Parlare di ospitalità non mi stanca soprattutto quando scopro la ricchezza di questo valore, nell'esperienza delle persone. A tal proposito mi sono ricordato di una storia che parla di due ragazzi, con grossi fardelli emotivi sulle loro spalle che creano un piccolo mondo in cui altre persone possono trovare sicurezza, pace e serenità. Ecco la storia.
C’era una volta, un ragazzo italiano di Roma che vide una ragazza tedesca di Berlino, ai suoi occhi pareva la Regina Elisabetta II. Iniziarono a conversare. Parlavano uno un tedesco incerto, l’altra un italiano incerto. Le reciproche incertezze avranno attirato la volontà di darsi un reciproco sostegno e comunque gli idiomi non sono ostacoli in amore. Il loro primo incontro avvenne grazie all’intervento di una coppia amorosa che non poteva essere tale. Un ragazzo omosessuale ed una ragazza disabile, entrambi forse bisognosi di un sostegno sociale in una società che ancora non era sensibile alle loro condizioni di -minoranza in attesa di riconoscimento-. La ragazza tedesca ed il ragazzo italiano si innamorarono semplicemente andando in Lambretta ad una sagra estiva in qualche borgo di Romagna, la rossa Romagna. Siccome amavano il mare, il sole e la gente e star lontano dal suolo natio era loro evidentemente congeniale, colsero un’occasione propizia. Sapevano di qualcuno che aveva soldi per aprire una pensione al mare, con poche camere e un ristorantino. Loro si proposero di gestirla. Dieci anni dopo la fine della guerra mondiale, un paio di anni prima della nascita a Roma della CEE (1957), una coppia coraggiosa costruiva occasioni di ospitalità fra due paesi inceneriti dall’odio, anche reciproco, ma pronti a risorgere. La pensata divenne realtà e funzionò anche molto bene. Sostenersi, cooperare, amarsi e la magia è fatta. L’Abracadabra che emoziona. Il paese del sole diventa la nuova metà di giovani tedeschi pronti a scrollarsi di dosso le macerie e scoprire il mondo incontrandosi in modo diverso e pacifico. La pensione diventa un luogo con il quale porsi in relazione al sole, ai pini marittimi, al mare alle tagliatelle ed al Liscio. Diviene un’enclave etnico linguistica temporanea, per usare una definizione di Paolo Gerbaldo nel suo L’ospitalità nel viaggio moderno, nella quale per de-alienarsi e conoscere se stessi in terra straniera.
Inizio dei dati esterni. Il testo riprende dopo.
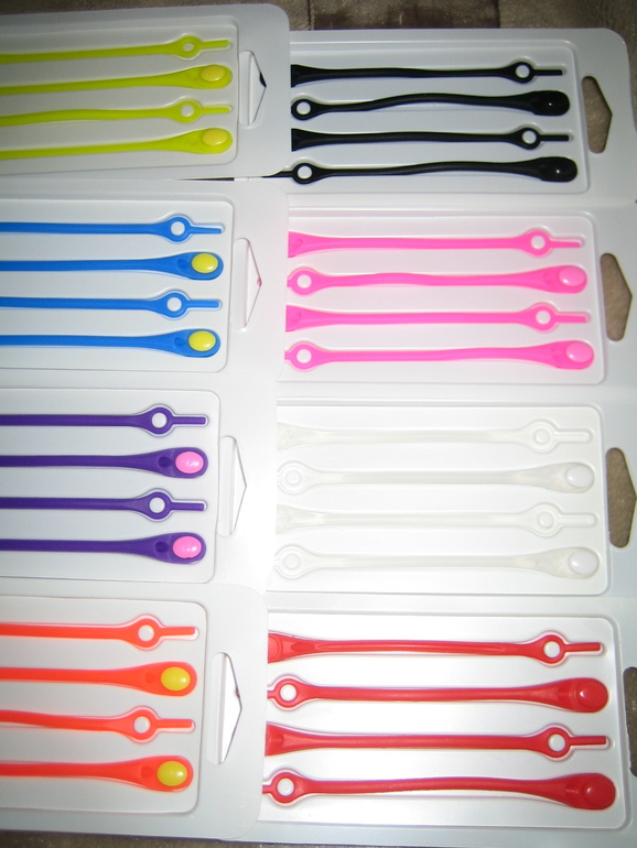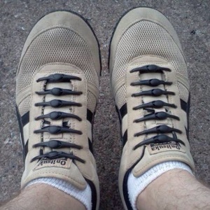 Вместо привычных двух лент вы получаете набор из четырнадцати силиконовых колец. Каждое кольцо продевается через две дырочки напротив и закрывается на защелку. Шнурки можно не развязывать, надевая ботинки - они сами растягиваются. Надел и пошел, в общем.

L’amore nella storia che ho raccontato è un amore vero, ma cela qualcosa. Si parla di ospitalità perché loro due hanno aperto una pensione dedicata ai turisti. Però questa ospitalità rivela il senso più profondo dell’ambiguità del termine ospite -rimando al mio articolo Ospite come nemico-. Un italiano ed una tedesca a pochi anni di distanza dalla fine della seconda guerra mondiale. Coraggioso direi e facilmente etichettabile come la storia fra una nazista ed un fascistello, a seconda dei punti di osservazione. Lei raramente trova sostegno fra gli italiani che per lo più non si sforzano di aiutarla a parlare quando capiscono che è tedesca, una crucca. I genitori di lei poi chissà cosa pensano degli italiani. Ci sono tensioni sottotraccia. Viverle in prima persona è logorante, ricordarlo è doloroso. Nel sorriso dell’incontro, nel sorriso raccontato, nell’immagine del sorriso ospitale, così forte nel suo essere scintillante ed aperto, si celano ferite e dolori.
Il lieto fine vero, quello che la favola solo marginalmente sfiora, è sorprendente. Oltre ogni orrore bellico, oltre ogni diffidenza culturale, oltre ogni incontro ostile, oltre ogni bias, c’è la riscoperta dell’ospite. Nel luogo di incontro tra lui e lei, azioni, emozioni e tempo si fanno imparziali contenitori. In quella piccola pensione i turisti riscoprono il gusto delle storie, delle vacanze, di quei vuoti che fanno spazio agli incontri. In quella Pensione nessuno è più isola. Una figlia del paese nel quale implose la violenza nazista, un figlio del paese nel quale implose il fascismo, insieme in una terra affacciata sul mare che politicamente si tinse di rosso, danno vita ad un racconto ed accolgono i racconti di altri. Una fiaba che con il mezzo di una pensione persegue un fine lieto, più che un lieto fine. Cuocere al sole un pane d’alleanza. Coltivare le relazioni pacifiche fra i popoli, la loro insopprimibile esigenza al movimento alla ricerca di nuove terre, di sé stessi e di altri misteriosi amori.